Тело покорно отделяется от кровати, морщась по причине артрита в пальцах и левом колене, ощущая легкую тошноту в преддверии желудка — наконец, голышом ковыляет в ванну, где опустошает мочевой пузырь и взвешивается: все те же сто пятьдесят фунтов, вопреки изнурительной гимнастике. Теперь к зеркалу.
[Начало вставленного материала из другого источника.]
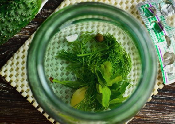 - Nadat de pot met het deksel is gesteriliseerd, gaan we verder met de hoofdfasen van de conserveringsvoorbereiding. Doe dille, peterselie, piment en aspirine op de bodem van de pot.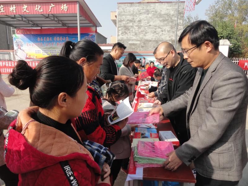 為紀(jì)念《反間諜法》頒布實(shí)施6周年,商水縣委政法委、縣委國(guó)安辦等單位聯(lián)合開(kāi)展普法教育進(jìn)鄉(xiāng)村活動(dòng),通過(guò)發(fā)放宣傳資料、展示宣傳版面、現(xiàn)場(chǎng)講解等形式對(duì)群眾進(jìn)行國(guó)安教育和法治教育。圖為11月1日,工作人員在活動(dòng)現(xiàn)場(chǎng)向村民發(fā)放宣傳資料。

В котором отражается не лицо, а воплощение предопределенности. Развалина, в которую он превратил себя за эти пятьдесят восемь лет. Унылый беспокойный взгляд, огрубевший нос, углы рта опущены под воздействием собственной желчности, обвисшие мышцы щек, увядающая шея в сетке мельчайших морщин. Загнанный взгляд измученного пловца, или бегуна, которому не дано остановиться. Человек будет рвать жилы до самого конца. Не потому, что герой. Он не мыслит иного.

Глядя в зеркало, он видит в нем много лиц: ребенка, подростка, молодого человека, и уже не очень молодого — хранимых подобно ископаемым на полках, и, как они, давно умерших. К нему, еще живущему, их вопрос: посмотри — мы умерли, так чего ты боишься?

Его ответ: раньше это протекало так постепенно, незаметно. Страшно, когда подталкивают.

Человек все смотрит. Губы приоткрываются, он дышит через рот. Наконец кора мозга нетерпеливо приказывает мыться, бриться, причесываться. И прикрыть наготу. То есть одеться перед выходом наружу, к другим людям; и одеться соответственно, чтобы его внешность и поведение должным образом были ими опознаны.



Человек покорно моется, бреется, причесывается, смиряясь с ответственностью перед другими. Он даже благодарен за предоставленное ему место в ряду подобных. Он знает, чего от него ждут.

Знает его имя. Его зовут Джордж.

ОДЕТЫЙ, он более-менее превращается в него, то есть Джорджа — хотя это еще не совсем тот Джордж, которого люди ждут и готовы признать. Позвонившие ему в этот ранний час были бы поражены, даже напуганы, если бы вместо предполагаемой персоны могли видеть такой далекий от готовности полуфабрикат. Но этого они не могут, а имитация голоса знакомого им Джорджа почти идеальна. Даже Шарлотту удается обмануть. Хотя, два-три раза она уловила что-то странное и спросила, «Джо, у тебя все в порядке?»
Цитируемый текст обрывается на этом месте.